Work request: As an exercise, transcribe the data below in full and exactly, omitting pictures.

┌──

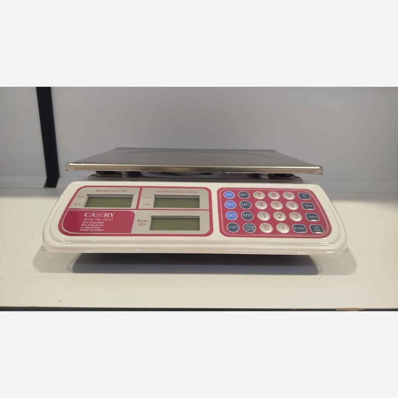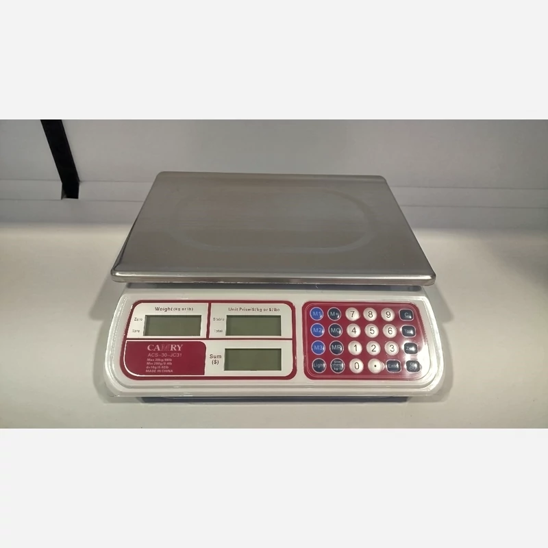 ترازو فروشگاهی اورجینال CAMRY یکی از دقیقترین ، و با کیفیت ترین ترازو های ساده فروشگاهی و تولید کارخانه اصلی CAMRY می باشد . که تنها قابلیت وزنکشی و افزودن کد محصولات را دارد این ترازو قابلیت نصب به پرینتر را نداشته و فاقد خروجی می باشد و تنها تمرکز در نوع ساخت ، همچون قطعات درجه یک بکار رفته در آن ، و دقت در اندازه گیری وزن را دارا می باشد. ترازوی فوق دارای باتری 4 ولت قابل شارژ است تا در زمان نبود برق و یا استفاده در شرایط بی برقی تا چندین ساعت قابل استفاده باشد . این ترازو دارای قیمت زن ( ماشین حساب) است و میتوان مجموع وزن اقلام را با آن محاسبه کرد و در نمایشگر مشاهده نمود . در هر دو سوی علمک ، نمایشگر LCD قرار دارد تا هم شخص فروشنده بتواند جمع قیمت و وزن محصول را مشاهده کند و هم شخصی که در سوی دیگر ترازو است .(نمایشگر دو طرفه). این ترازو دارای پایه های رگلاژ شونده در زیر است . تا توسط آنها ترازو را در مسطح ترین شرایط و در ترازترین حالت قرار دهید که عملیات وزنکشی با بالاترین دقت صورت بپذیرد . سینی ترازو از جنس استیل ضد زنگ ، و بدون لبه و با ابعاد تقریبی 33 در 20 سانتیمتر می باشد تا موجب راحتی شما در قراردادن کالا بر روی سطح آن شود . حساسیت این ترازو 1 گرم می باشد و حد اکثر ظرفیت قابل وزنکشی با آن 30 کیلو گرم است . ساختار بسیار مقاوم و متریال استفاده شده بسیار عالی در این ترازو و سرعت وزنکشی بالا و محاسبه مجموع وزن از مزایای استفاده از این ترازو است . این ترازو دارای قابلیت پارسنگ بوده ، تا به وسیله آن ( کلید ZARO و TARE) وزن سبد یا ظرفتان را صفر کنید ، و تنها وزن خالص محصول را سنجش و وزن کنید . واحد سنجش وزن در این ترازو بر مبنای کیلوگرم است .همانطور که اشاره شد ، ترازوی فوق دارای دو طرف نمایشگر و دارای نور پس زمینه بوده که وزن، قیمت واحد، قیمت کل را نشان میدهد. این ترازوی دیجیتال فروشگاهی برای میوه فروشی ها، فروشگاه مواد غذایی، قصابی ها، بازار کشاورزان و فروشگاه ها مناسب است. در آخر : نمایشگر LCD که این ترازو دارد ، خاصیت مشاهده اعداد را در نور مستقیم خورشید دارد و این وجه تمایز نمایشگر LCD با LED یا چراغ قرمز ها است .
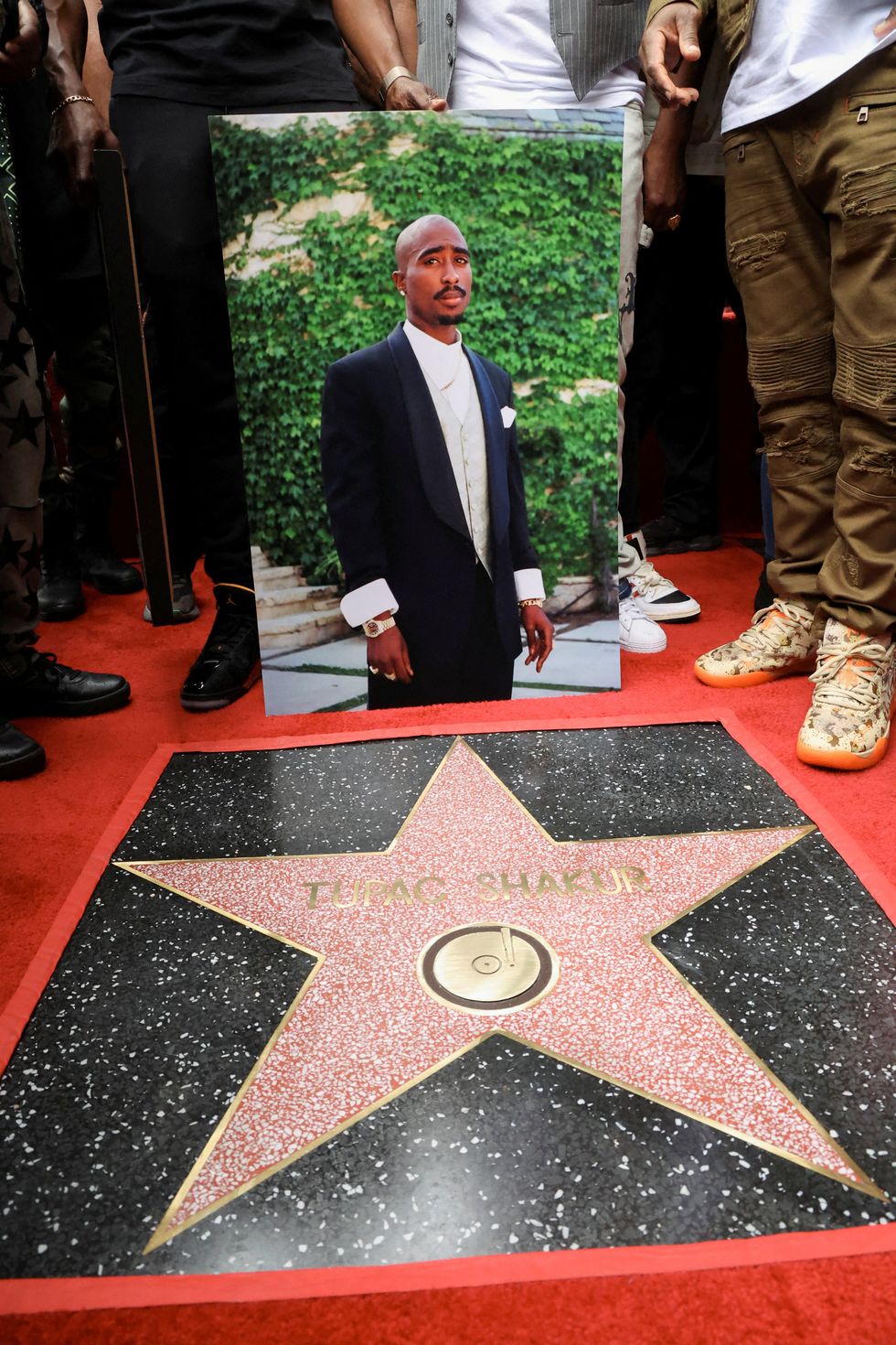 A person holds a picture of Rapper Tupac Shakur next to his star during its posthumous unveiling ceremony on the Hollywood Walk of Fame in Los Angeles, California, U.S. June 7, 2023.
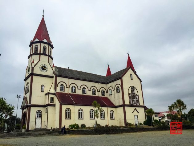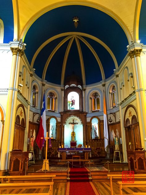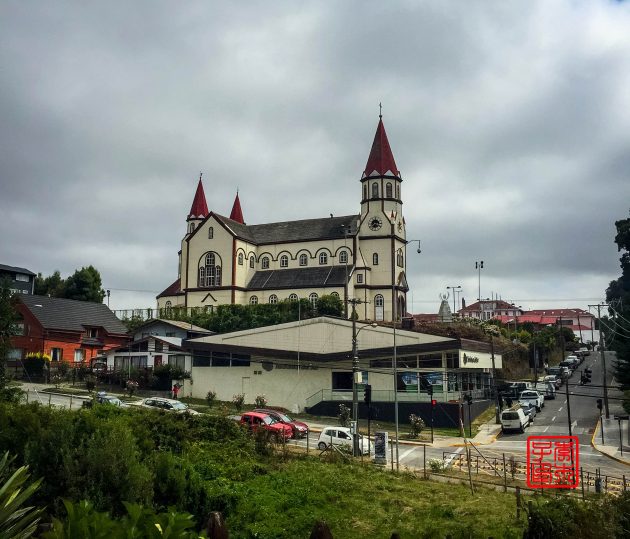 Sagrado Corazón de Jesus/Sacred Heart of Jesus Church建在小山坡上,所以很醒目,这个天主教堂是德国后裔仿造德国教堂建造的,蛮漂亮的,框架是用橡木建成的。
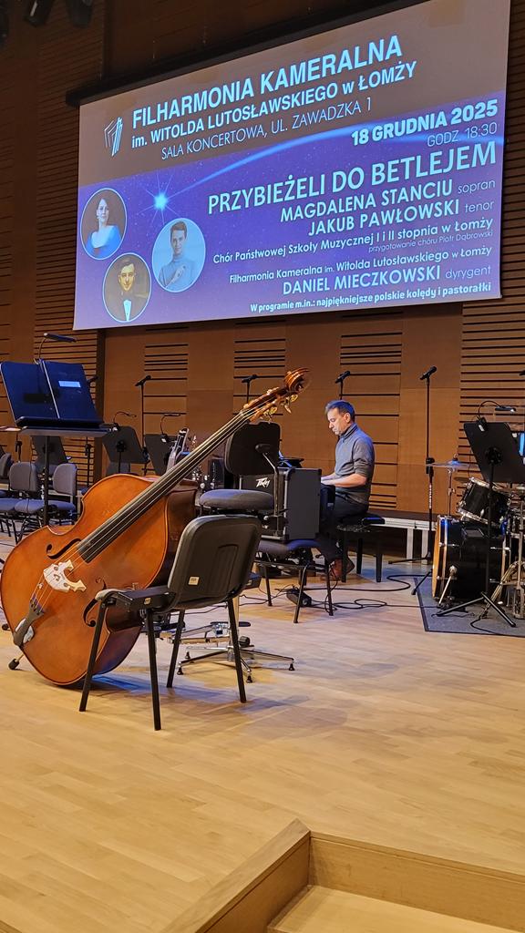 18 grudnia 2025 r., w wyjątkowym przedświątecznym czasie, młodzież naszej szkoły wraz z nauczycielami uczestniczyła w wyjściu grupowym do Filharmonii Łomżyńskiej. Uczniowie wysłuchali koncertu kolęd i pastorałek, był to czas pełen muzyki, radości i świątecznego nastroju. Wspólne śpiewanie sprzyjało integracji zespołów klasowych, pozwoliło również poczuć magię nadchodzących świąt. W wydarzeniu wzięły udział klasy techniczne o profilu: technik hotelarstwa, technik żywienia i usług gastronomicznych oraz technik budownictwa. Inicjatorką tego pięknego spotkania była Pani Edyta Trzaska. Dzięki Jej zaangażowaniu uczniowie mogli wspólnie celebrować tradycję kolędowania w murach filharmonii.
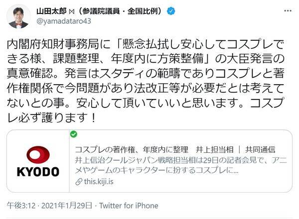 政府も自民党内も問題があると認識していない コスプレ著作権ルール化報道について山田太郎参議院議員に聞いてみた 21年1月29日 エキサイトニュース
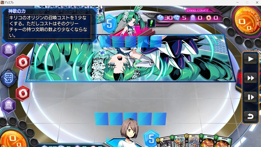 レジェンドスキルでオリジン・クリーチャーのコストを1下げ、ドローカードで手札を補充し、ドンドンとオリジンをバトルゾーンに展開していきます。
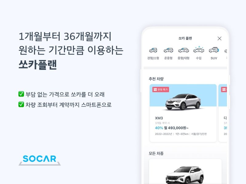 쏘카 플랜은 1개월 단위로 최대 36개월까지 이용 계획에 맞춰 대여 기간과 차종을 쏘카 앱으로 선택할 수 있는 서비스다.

└──

Exercise response:
 ترازو فروشگاهی اورجینال CAMRY یکی از دقیقترین ، و با کیفیت ترین ترازو های ساده فروشگاهی و تولید کارخانه اصلی CAMRY می باشد . که تنها قابلیت وزنکشی و افزودن کد محصولات را دارد این ترازو قابلیت نصب به پرینتر را نداشته و فاقد خروجی می باشد و تنها تمرکز در نوع ساخت ، همچون قطعات درجه یک بکار رفته در آن ، و دقت در اندازه گیری وزن را دارا می باشد. ترازوی فوق دارای باتری 4 ولت قابل شارژ است تا در زمان نبود برق و یا استفاده در شرایط بی برقی تا چندین ساعت قابل استفاده باشد . این ترازو دارای قیمت زن ( ماشین حساب) است و میتوان مجموع وزن اقلام را با آن محاسبه کرد و در نمایشگر مشاهده نمود . در هر دو سوی علمک ، نمایشگر LCD قرار دارد تا هم شخص فروشنده بتواند جمع قیمت و وزن محصول را مشاهده کند و هم شخصی که در سوی دیگر ترازو است .(نمایشگر دو طرفه). این ترازو دارای پایه های رگلاژ شونده در زیر است . تا توسط آنها ترازو را در مسطح ترین شرایط و در ترازترین حالت قرار دهید که عملیات وزنکشی با بالاترین دقت صورت بپذیرد . سینی ترازو از جنس استیل ضد زنگ ، و بدون لبه و با ابعاد تقریبی 33 در 20 سانتیمتر می باشد تا موجب راحتی شما در قراردادن کالا بر روی سطح آن شود . حساسیت این ترازو 1 گرم می باشد و حد اکثر ظرفیت قابل وزنکشی با آن 30 کیلو گرم است . ساختار بسیار مقاوم و متریال استفاده شده بسیار عالی در این ترازو و سرعت وزنکشی بالا و محاسبه مجموع وزن از مزایای استفاده از این ترازو است . این ترازو دارای قابلیت پارسنگ بوده ، تا به وسیله آن ( کلید ZARO و TARE) وزن سبد یا ظرفتان را صفر کنید ، و تنها وزن خالص محصول را سنجش و وزن کنید . واحد سنجش وزن در این ترازو بر مبنای کیلوگرم است .همانطور که اشاره شد ، ترازوی فوق دارای دو طرف نمایشگر و دارای نور پس زمینه بوده که وزن، قیمت واحد، قیمت کل را نشان میدهد. این ترازوی دیجیتال فروشگاهی برای میوه فروشی ها، فروشگاه مواد غذایی، قصابی ها، بازار کشاورزان و فروشگاه ها مناسب است. در آخر : نمایشگر LCD که این ترازو دارد ، خاصیت مشاهده اعداد را در نور مستقیم خورشید دارد و این وجه تمایز نمایشگر LCD با LED یا چراغ قرمز ها است .
 A person holds a picture of Rapper Tupac Shakur next to his star during its posthumous unveiling ceremony on the Hollywood Walk of Fame in Los Angeles, California, U.S. June 7, 2023.
 Sagrado Corazón de Jesus/Sacred Heart of Jesus Church建在小山坡上,所以很醒目,这个天主教堂是德国后裔仿造德国教堂建造的,蛮漂亮的,框架是用橡木建成的。
 18 grudnia 2025 r., w wyjątkowym przedświątecznym czasie, młodzież naszej szkoły wraz z nauczycielami uczestniczyła w wyjściu grupowym do Filharmonii Łomżyńskiej. Uczniowie wysłuchali koncertu kolęd i pastorałek, był to czas pełen muzyki, radości i świątecznego nastroju. Wspólne śpiewanie sprzyjało integracji zespołów klasowych, pozwoliło również poczuć magię nadchodzących świąt. W wydarzeniu wzięły udział klasy techniczne o profilu: technik hotelarstwa, technik żywienia i usług gastronomicznych oraz technik budownictwa. Inicjatorką tego pięknego spotkania była Pani Edyta Trzaska. Dzięki Jej zaangażowaniu uczniowie mogli wspólnie celebrować tradycję kolędowania w murach filharmonii.
 政府も自民党内も問題があると認識していない コスプレ著作権ルール化報道について山田太郎参議院議員に聞いてみた 21年1月29日 エキサイトニュース
 レジェンドスキルでオリジン・クリーチャーのコストを1下げ、ドローカードで手札を補充し、ドンドンとオリジンをバトルゾーンに展開していきます。
 쏘카 플랜은 1개월 단위로 최대 36개월까지 이용 계획에 맞춰 대여 기간과 차종을 쏘카 앱으로 선택할 수 있는 서비스다.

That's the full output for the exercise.